▶ [What you should do]:
Leave out the images and return all the data word for word.
----- Information provided
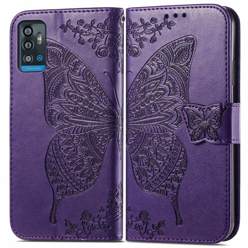 Butterfly Love Flowers Embossed Horizontal Flip Leather Case with Holder & Card Slots & Wallet & Lanyard For ZTE Blade A71(Dark Purple)
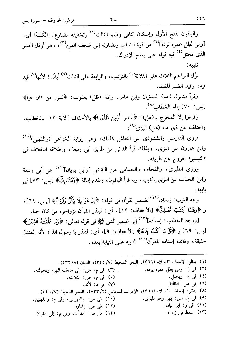 (¬8) ينظر: إتحاف الفضلاء (366)، الإعراب للنحاس (2/ 733)، البحر المحيط (7/ 346).
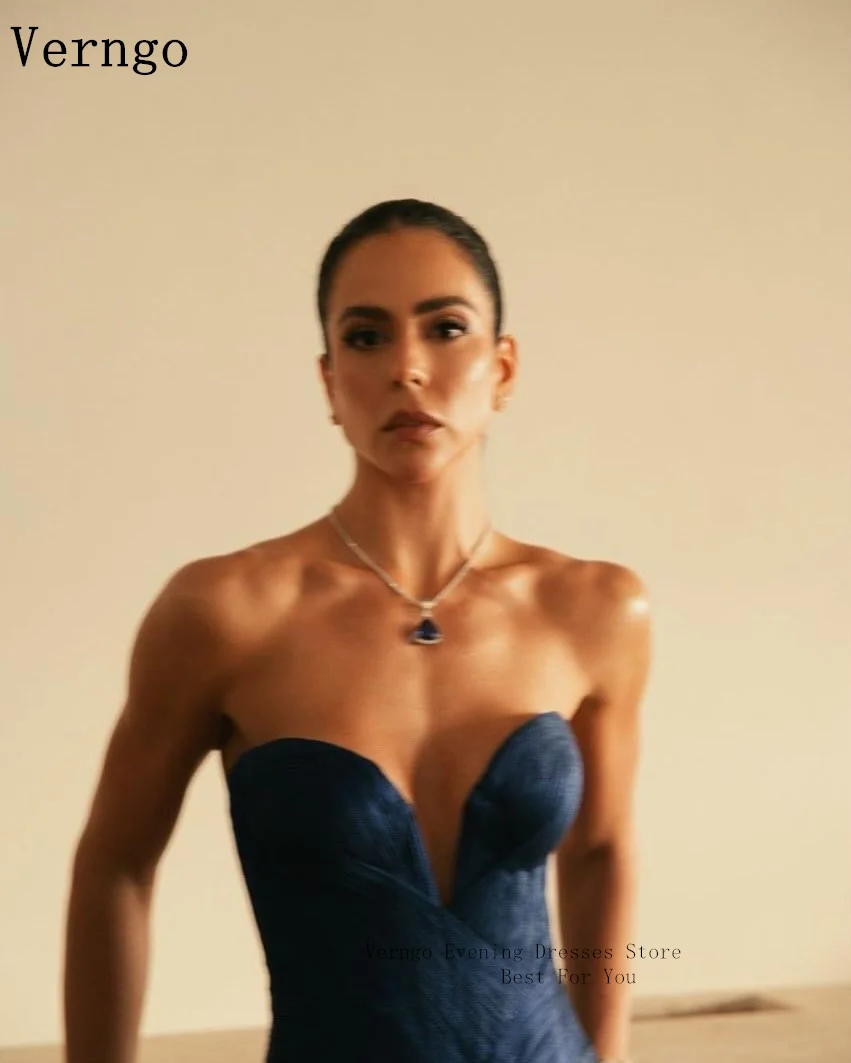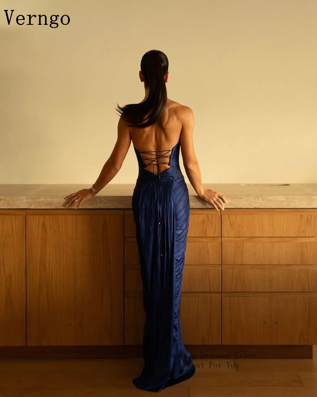 Verngo Dark Blue Shiny Evening Dress Sweetheart Mermaid Formal Occasion Dress Lace Up Modern Prom Gowns Customized
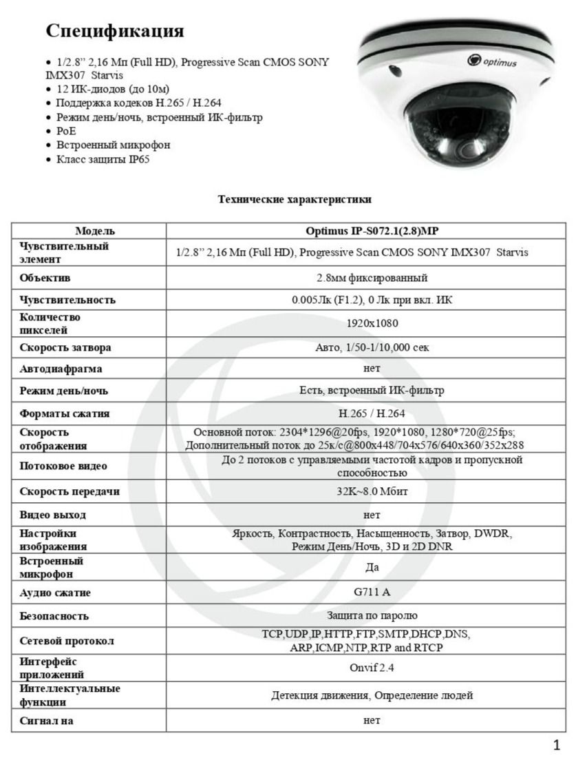Купольная IP-видеокамера IP-S072.1(2.8)MP создана на основе 1/2.8” 2,16 Мп (Full HD) Progressive Scan CMOS SONY IMX307 Starvis.
----------
▶ [Task result]:
 Butterfly Love Flowers Embossed Horizontal Flip Leather Case with Holder & Card Slots & Wallet & Lanyard For ZTE Blade A71(Dark Purple)
 (¬8) ينظر: إتحاف الفضلاء (366)، الإعراب للنحاس (2/ 733)، البحر المحيط (7/ 346).
 Verngo Dark Blue Shiny Evening Dress Sweetheart Mermaid Formal Occasion Dress Lace Up Modern Prom Gowns Customized
Купольная IP-видеокамера IP-S072.1(2.8)MP создана на основе 1/2.8” 2,16 Мп (Full HD) Progressive Scan CMOS SONY IMX307 Starvis.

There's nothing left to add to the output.